Houve uma altura em que Joseph Gordon-Levitt era apenas o puto de Terceiro Calhau a Contar do Sol. Depois, sem que nada o fizesse antever, Gordon-Levitt fez dois filmes incríveis que nos deixaram a pensar (alguém mencionou Brick e Mysterious Skin?). Queres ver que afinal o miúdo ainda se faz? E não é que se fez mesmo! Em menos de nada, Gordon-Levitt estava em todo o lado, entre blockbusters desmiolados (o franchise GI Joe), filmes de prestígio (A Origem) ou comédias românticas (500 Dias com Summer). E agora já há um tempo que não o vemos outra vez.

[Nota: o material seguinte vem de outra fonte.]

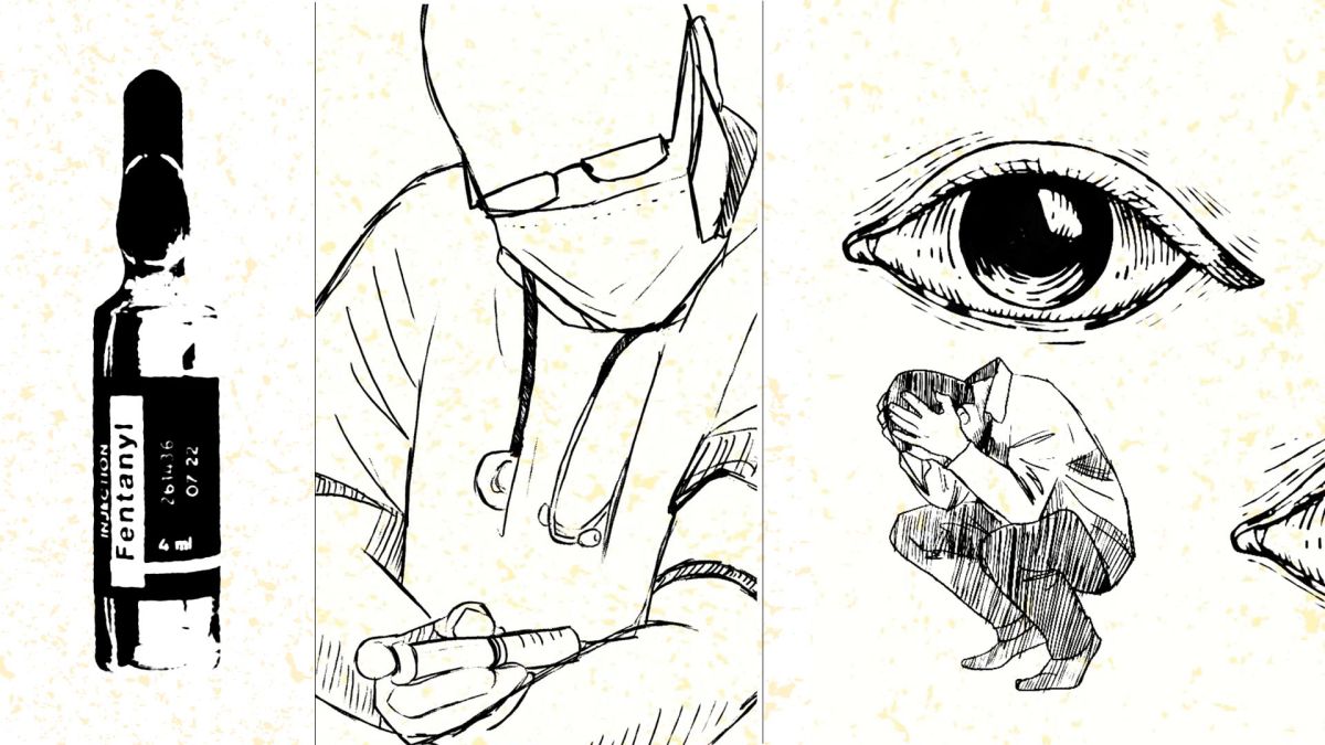 في البداية كان “أ.ش” يتناول أمبولا واحدا من الفنتانيل الصيني في اليوم ولم تمر إلا فترة قليلة طلب حتى طلب جسده المزيد والمزيد من الأمبولات، تحول الطبيب النابه إلى لص لأمبولات الفنتانيل الموجودة بيصيدليات المستشفيات التي يعمل بها، حتى بات الأمر ملحوظا فأينما وجد الطبيب الشاب اختفى الفنتانيل، صار مشكوكا به بدأ الجميع يتهامس ولاحقته نظرات الاتهام والريبة من طاقم الأطباء فتوقف عن اختلاسه من المستشفى ولكنه لم يستطع التوقف عن تعاطيه كمخدر.”
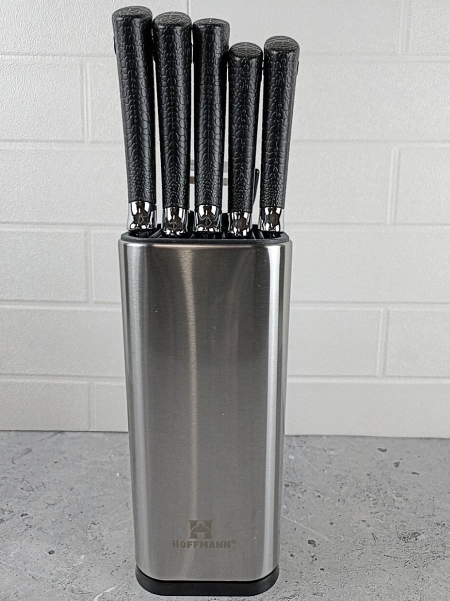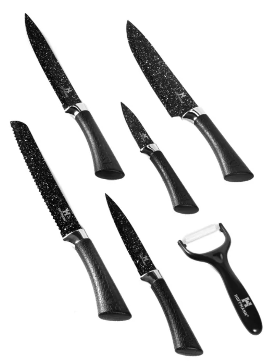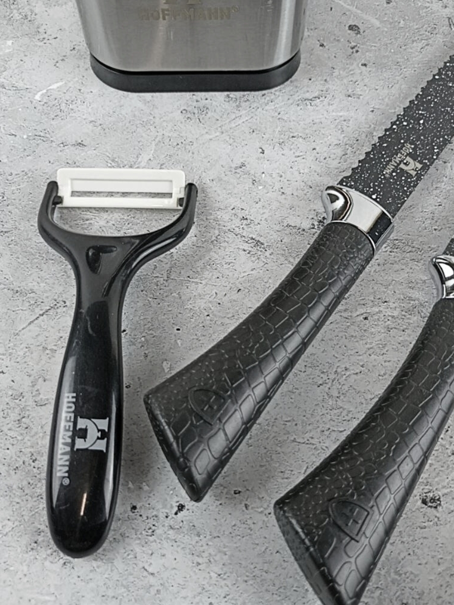 Набор: поварской нож 20 см, нож для хлеба 20 см, нож для нарезки 20 см, универсальный нож 12,5 см, нож для чистки овощей и фруктов 8,5 см, керамический пиллер, прямоугольная акриловая подставка.
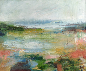 "Coast Memory with Pink", oil, wax, graphite - small works on paper

Hesher Esteve Aqui foi uma espécie de filme que fez a transição entre o cinema independente com o filme de estúdio, quase como um filme de passagem de Joseph Gordon-Levitt para o mainstream. Até porque Hesher Esteve Aqui é um filme difícil de catalogar, assim como as suas próprias personagens. Tanto Gordon-Levitt, como Devin Brochu ou Natalie Portman, os três protagonistas que foram o triângulo principal de Hesher Esteve Aqui, são personagens que não parecem sequer pertencer ao mesmo filme.

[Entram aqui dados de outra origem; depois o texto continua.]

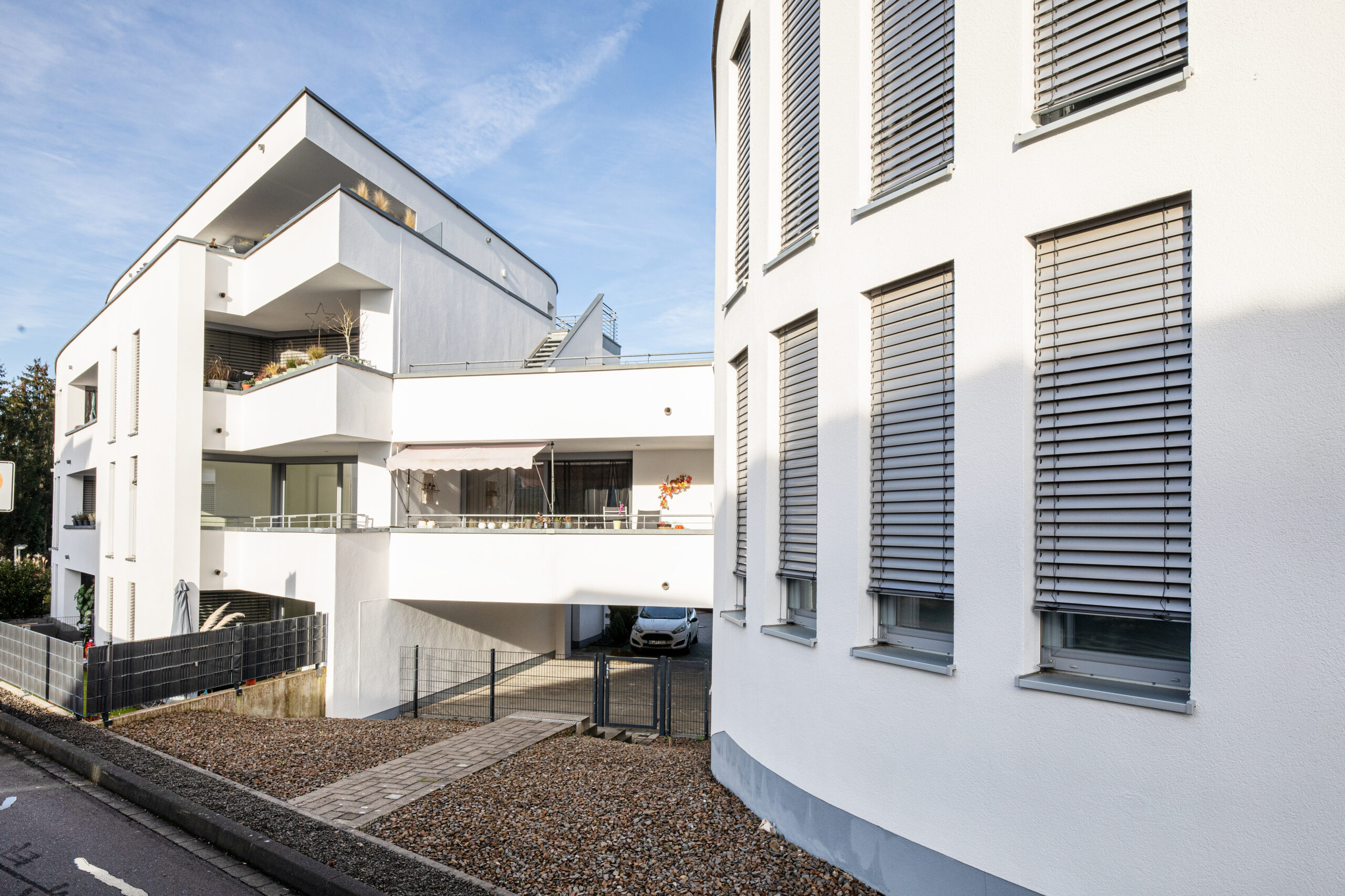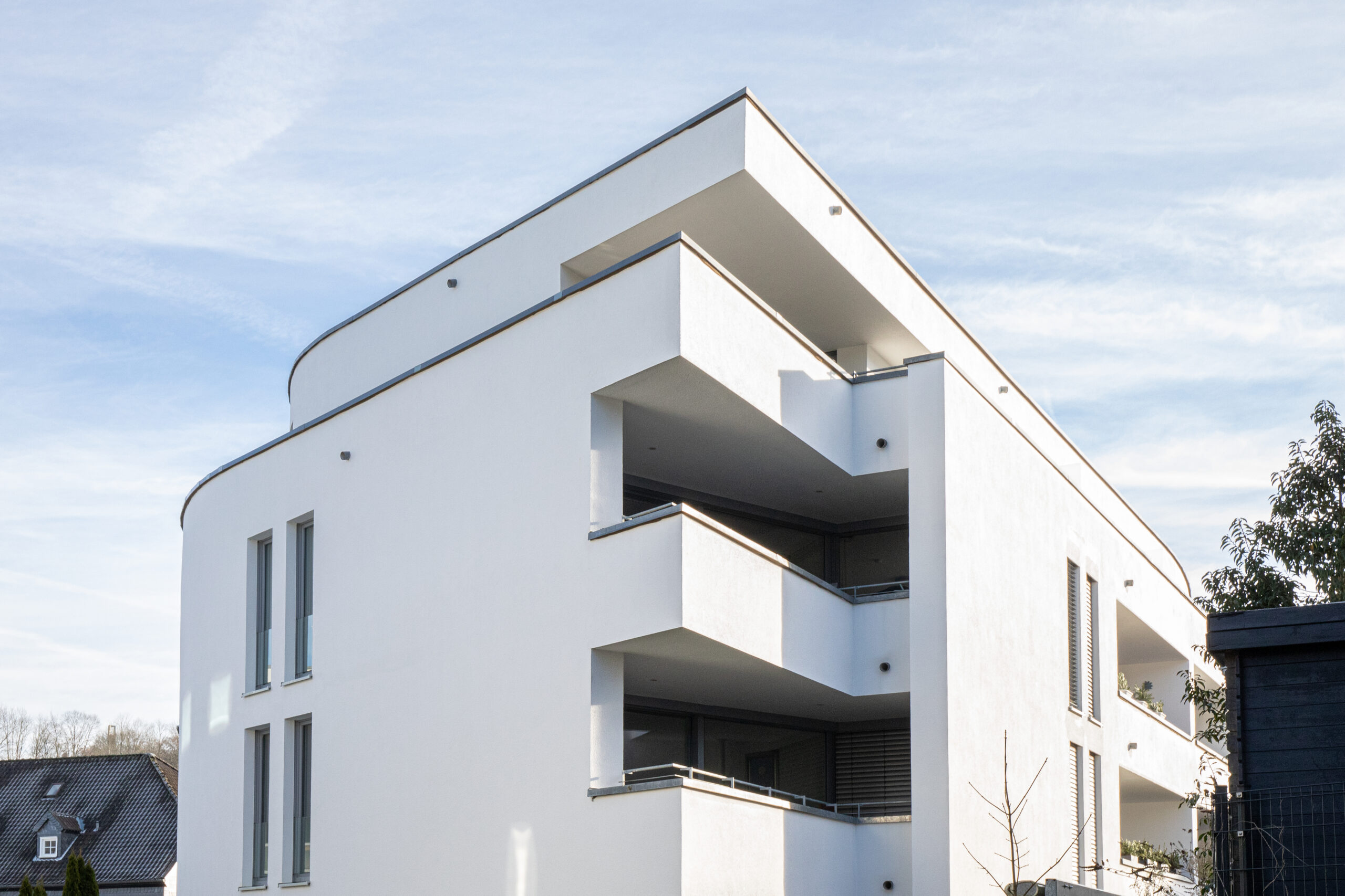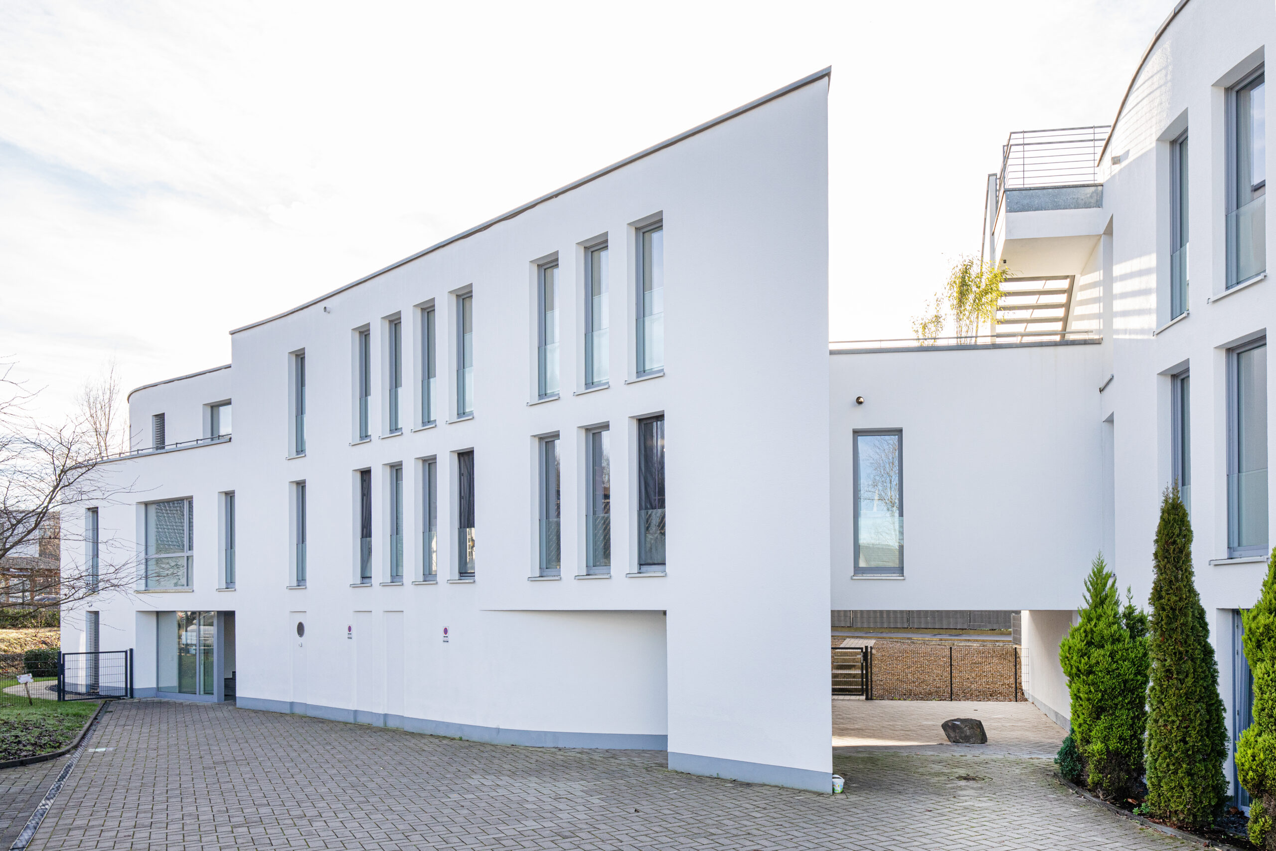 Die Architektur des Hauses verbindet zeitgemäße Gestaltung mit funktionaler Wohnqualität. Die geschwungene Fassade verleiht dem Gebäude eine eigenständige Präsenz im Straßenbild und unterstreicht den Anspruch an gestalterische Qualität.

Entramos em Hesher Esteve Aqui como se entrássemos num comboio em andamento, que já tivesse partido há algum tempo da estação e que, por isso, não sabemos de onde vem ou para onde vai. E o realizador Spencer Susser nunca tem pressa de nos revelar esses pormenores. A história vai-se desenrolando lentamente, acabando por ser cumprir por completo já na entrada do acto final. Por isso, quando entramos em Hesher Esteve Aqui, damos de caras com uma família desfeita: Devin Brochu vive com o pai (Rainn Wilson) e a avó (Piper Laurie), numa casa em que a ausência da mãe é um elefante na sala impossível de não ver (vão haver mais, by the way). O pai é um farrapo que passa os dias no sofá, alimentado a comprimidos; e a avó faz o que pode para colar os cacos.

Na escola, as coisas não melhoram para Devin, que tem um bully sempre à perna. Mas um dia cruza-se com um estranho metaleiro (Joseph Gordon-Levitt), com uma pancada pelos Metallica e uma obsessão em andar em tronco nu (ou só em cuecas). Gordon-Levitt aparece um dia lá em casa e muda-se, sem pedir sequer permissão. A coisa é tão absurda que só a podemos aceitar como credível. E, de repente, começamos a ver onde é que aquilo tudo vai dar. Devin e Gordon-Levitt vão-se tornar amigos inesperados, certo? Errado!

É que Gordon-Levitt tem um estranho fascínio pelo abismo e isso leva-o sempre para a auto-destruição. Estão a ver a teenage angst toda acumulada de Fúria de Viver? Agora multipliquem-na por mil! Quando pensamos que ele vai resolver a situação, acaba sempre por tomar a decisão pior. Quando vê Devin a ser humilhado pelo bully de estimação decide não intervir; quando tenta ajuda-lo a vingar-se leva o acto longe de mais; e quando conhece Natalie Portman… bem, mas o que faz Natalie Portman aqui? No fundo, é só mais um pauzinho que Spencer Susser se diverte a pôr e a tirar na engrenagem para a sabotar sempre que parece estar a encarrilar.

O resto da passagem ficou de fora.